Where the data below begins, start retyping exactly, and end on the line with "Torne o aniversário", which is included; no picture goes in.

*** Data for review Section Begins ***

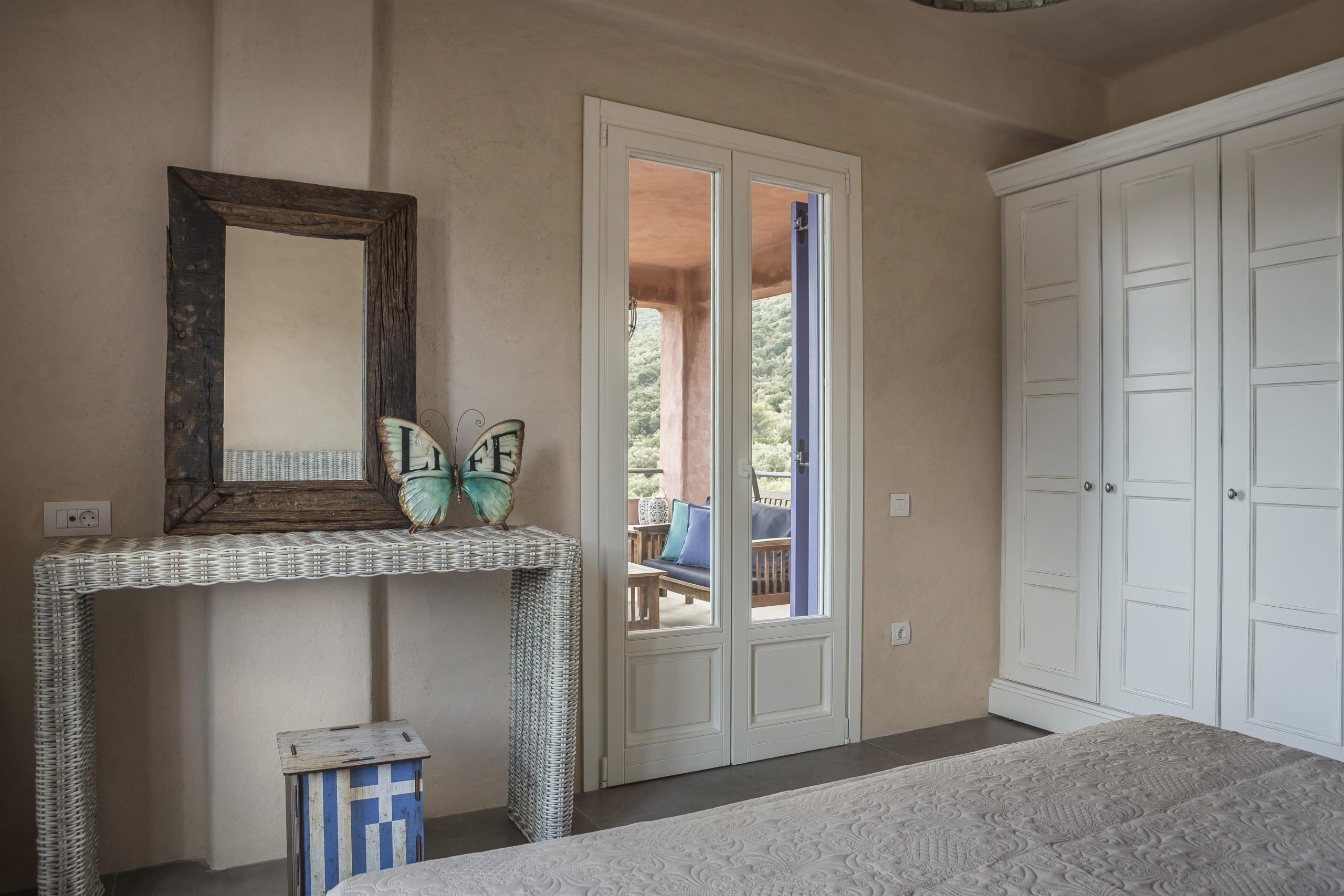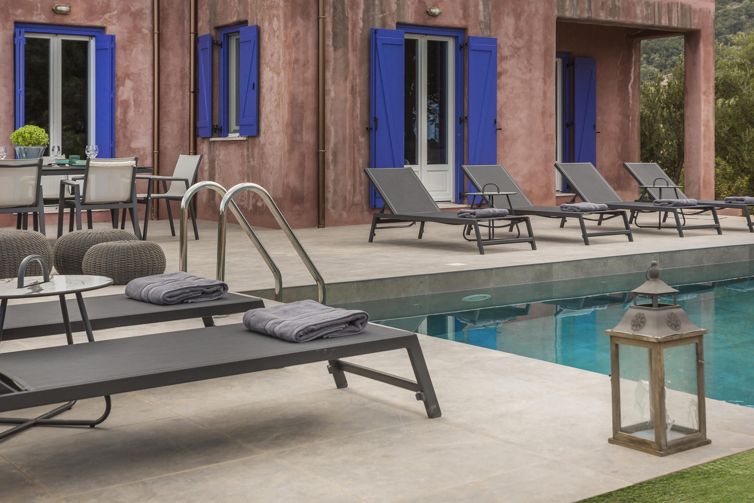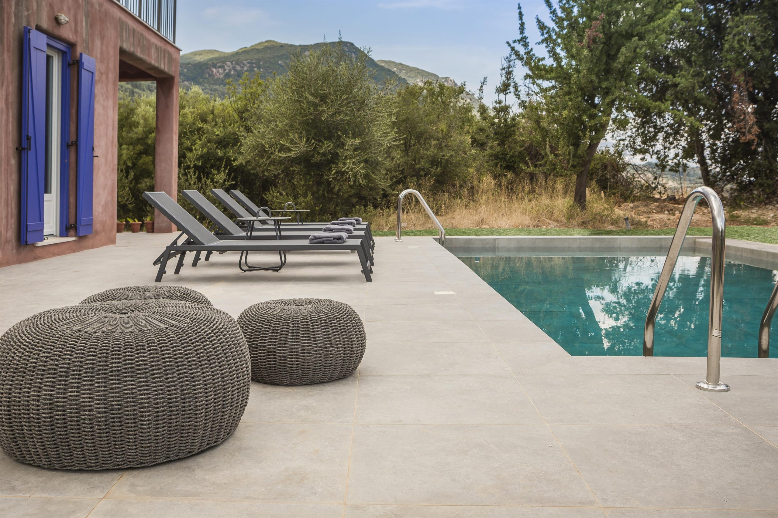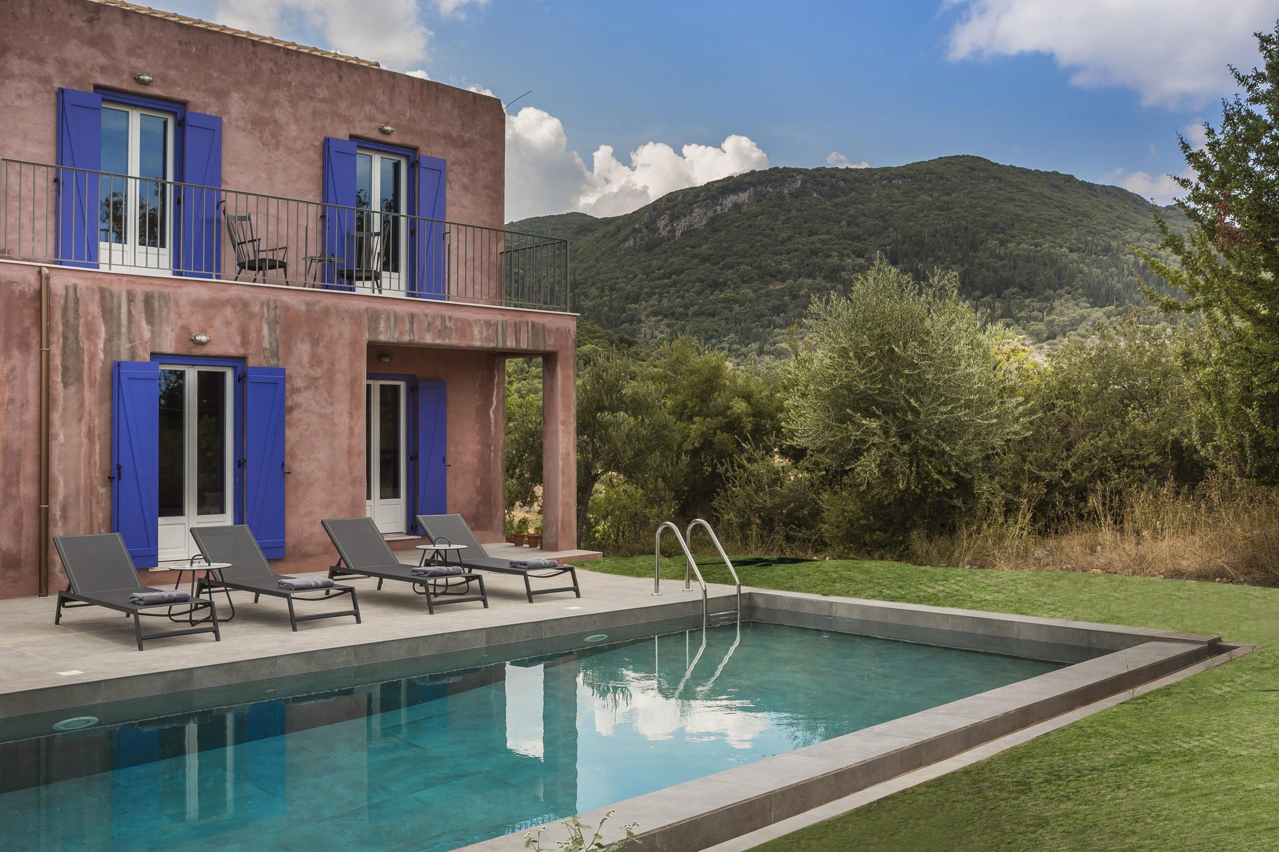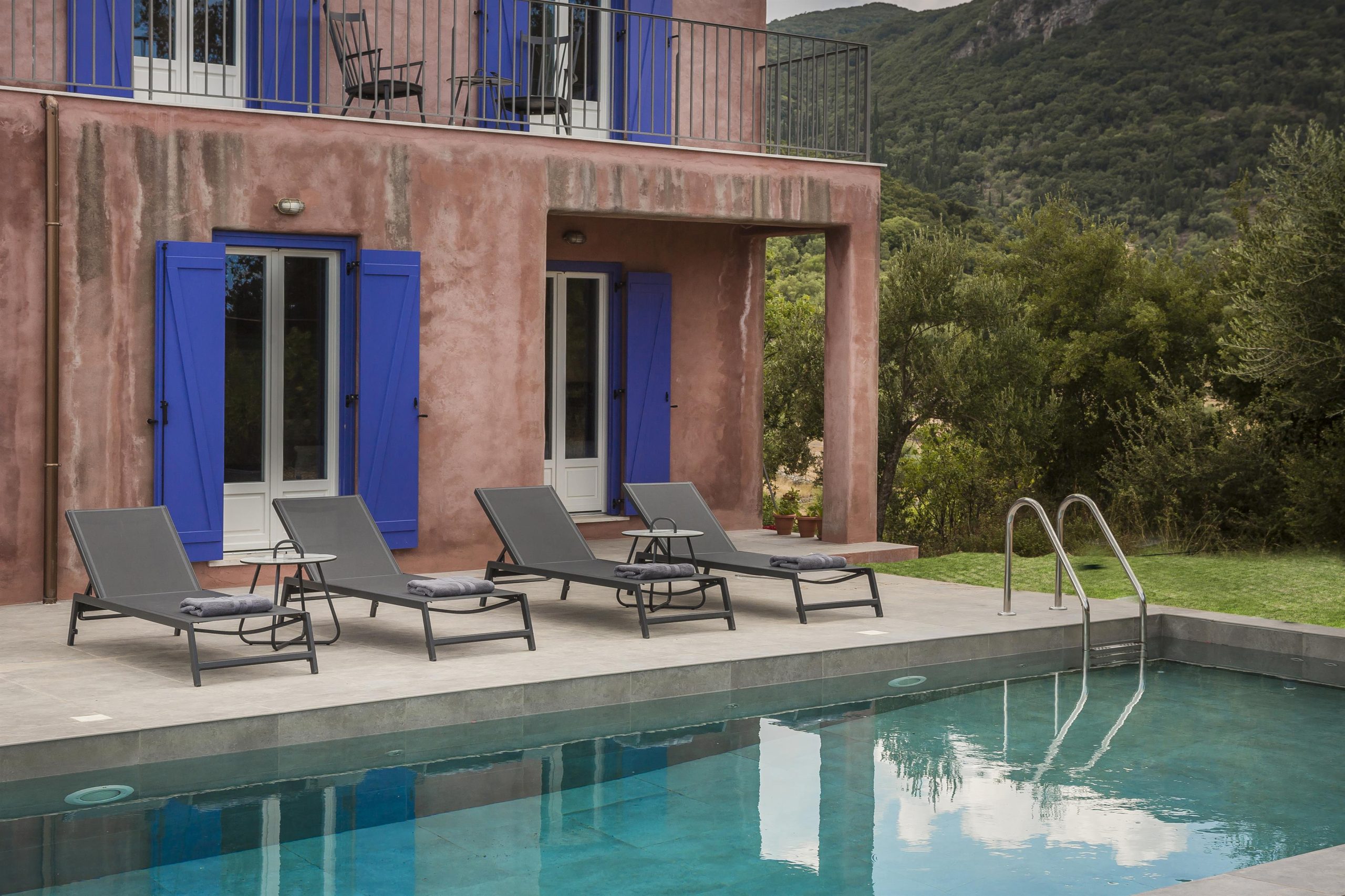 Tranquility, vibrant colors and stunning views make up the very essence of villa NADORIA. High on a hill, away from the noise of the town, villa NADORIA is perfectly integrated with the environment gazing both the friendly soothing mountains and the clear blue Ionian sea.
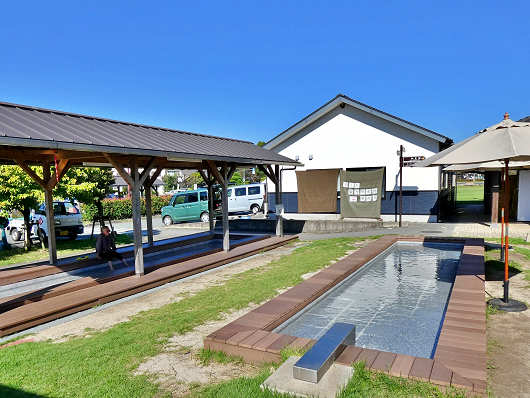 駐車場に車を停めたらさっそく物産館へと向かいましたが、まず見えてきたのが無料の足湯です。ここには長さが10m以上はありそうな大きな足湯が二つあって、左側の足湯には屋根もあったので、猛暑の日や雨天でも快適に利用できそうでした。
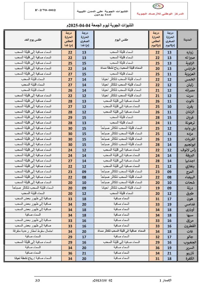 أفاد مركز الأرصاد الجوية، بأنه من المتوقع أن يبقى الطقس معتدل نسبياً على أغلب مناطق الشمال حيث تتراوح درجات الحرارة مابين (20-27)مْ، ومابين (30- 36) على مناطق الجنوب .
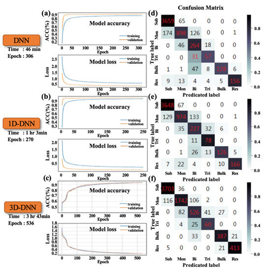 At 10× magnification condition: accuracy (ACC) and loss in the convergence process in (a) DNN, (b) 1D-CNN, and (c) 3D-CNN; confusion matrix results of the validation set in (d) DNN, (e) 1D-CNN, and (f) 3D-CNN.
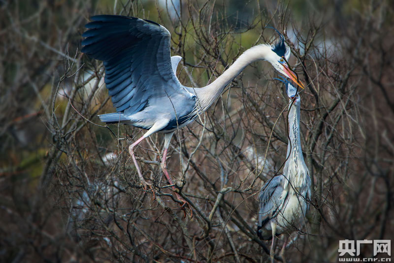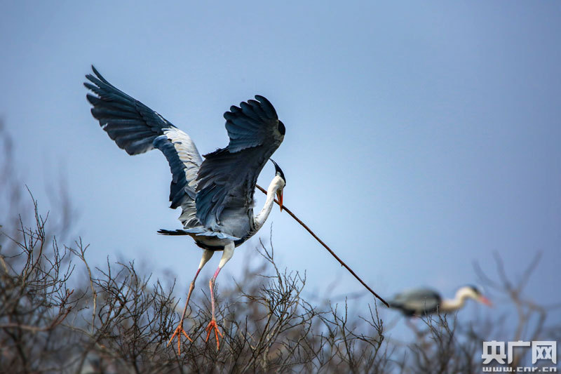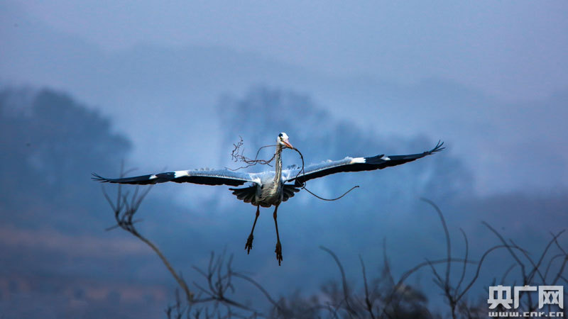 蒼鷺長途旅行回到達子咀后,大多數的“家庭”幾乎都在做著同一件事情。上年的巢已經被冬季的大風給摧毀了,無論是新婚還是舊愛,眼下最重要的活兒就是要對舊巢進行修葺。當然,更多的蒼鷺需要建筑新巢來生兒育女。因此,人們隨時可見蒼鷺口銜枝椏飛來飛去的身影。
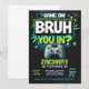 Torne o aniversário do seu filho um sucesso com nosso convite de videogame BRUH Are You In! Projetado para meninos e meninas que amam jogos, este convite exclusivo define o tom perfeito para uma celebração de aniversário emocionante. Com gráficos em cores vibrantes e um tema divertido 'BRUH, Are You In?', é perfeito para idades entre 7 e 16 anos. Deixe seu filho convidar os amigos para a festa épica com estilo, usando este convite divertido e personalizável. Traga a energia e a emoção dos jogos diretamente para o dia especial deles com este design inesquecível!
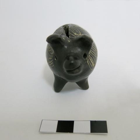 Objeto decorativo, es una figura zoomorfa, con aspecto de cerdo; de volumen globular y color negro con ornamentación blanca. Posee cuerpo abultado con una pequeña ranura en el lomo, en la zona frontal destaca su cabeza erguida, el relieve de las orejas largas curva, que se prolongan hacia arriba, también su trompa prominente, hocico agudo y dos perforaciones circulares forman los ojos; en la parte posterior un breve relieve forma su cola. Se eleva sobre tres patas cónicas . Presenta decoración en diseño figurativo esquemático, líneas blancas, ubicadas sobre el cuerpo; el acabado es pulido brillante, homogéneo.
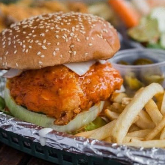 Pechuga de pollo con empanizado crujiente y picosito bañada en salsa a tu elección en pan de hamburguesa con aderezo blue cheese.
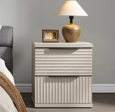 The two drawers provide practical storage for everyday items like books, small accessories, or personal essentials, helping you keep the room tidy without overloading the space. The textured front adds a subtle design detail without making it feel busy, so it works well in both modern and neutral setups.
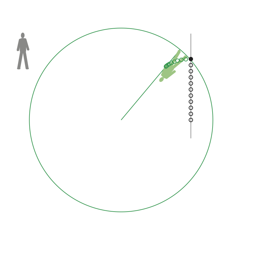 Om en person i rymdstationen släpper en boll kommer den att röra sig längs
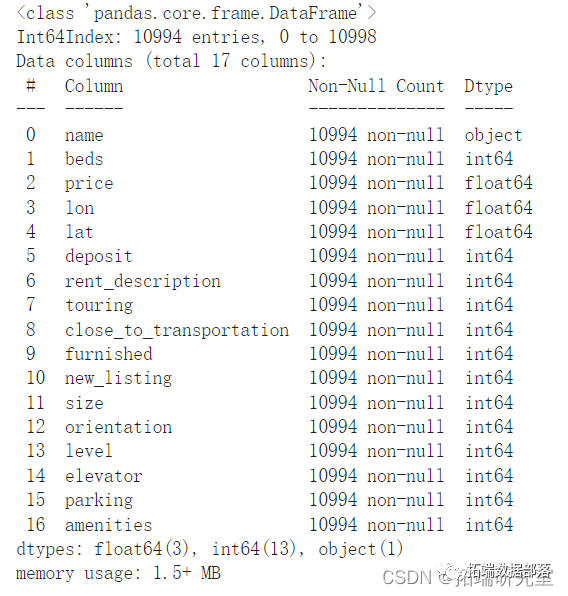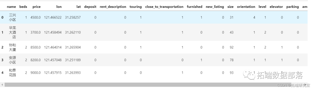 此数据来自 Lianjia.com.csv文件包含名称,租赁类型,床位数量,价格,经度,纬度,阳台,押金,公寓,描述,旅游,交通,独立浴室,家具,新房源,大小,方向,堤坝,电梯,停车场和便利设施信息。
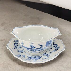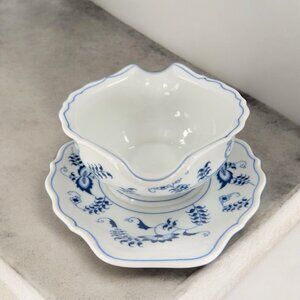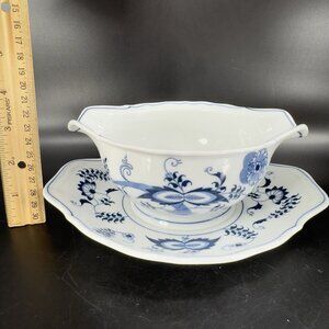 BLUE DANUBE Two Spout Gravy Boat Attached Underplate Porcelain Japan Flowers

*** Data for review Section Ends ***

■ Result of this exercise
 Tranquility, vibrant colors and stunning views make up the very essence of villa NADORIA. High on a hill, away from the noise of the town, villa NADORIA is perfectly integrated with the environment gazing both the friendly soothing mountains and the clear blue Ionian sea.
 駐車場に車を停めたらさっそく物産館へと向かいましたが、まず見えてきたのが無料の足湯です。ここには長さが10m以上はありそうな大きな足湯が二つあって、左側の足湯には屋根もあったので、猛暑の日や雨天でも快適に利用できそうでした。
 أفاد مركز الأرصاد الجوية، بأنه من المتوقع أن يبقى الطقس معتدل نسبياً على أغلب مناطق الشمال حيث تتراوح درجات الحرارة مابين (20-27)مْ، ومابين (30- 36) على مناطق الجنوب .
 At 10× magnification condition: accuracy (ACC) and loss in the convergence process in (a) DNN, (b) 1D-CNN, and (c) 3D-CNN; confusion matrix results of the validation set in (d) DNN, (e) 1D-CNN, and (f) 3D-CNN.
 蒼鷺長途旅行回到達子咀后,大多數的“家庭”幾乎都在做著同一件事情。上年的巢已經被冬季的大風給摧毀了,無論是新婚還是舊愛,眼下最重要的活兒就是要對舊巢進行修葺。當然,更多的蒼鷺需要建筑新巢來生兒育女。因此,人們隨時可見蒼鷺口銜枝椏飛來飛去的身影。
 Torne o aniversário do seu filho um sucesso com nosso convite de videogame BRUH Are You In! Projetado para meninos e meninas que amam jogos, este convite exclusivo define o tom perfeito para uma celebração de aniversário emocionante. Com gráficos em cores vibrantes e um tema divertido 'BRUH, Are You In?', é perfeito para idades entre 7 e 16 anos. Deixe seu filho convidar os amigos para a festa épica com estilo, usando este convite divertido e personalizável. Traga a energia e a emoção dos jogos diretamente para o dia especial deles com este design inesquecível!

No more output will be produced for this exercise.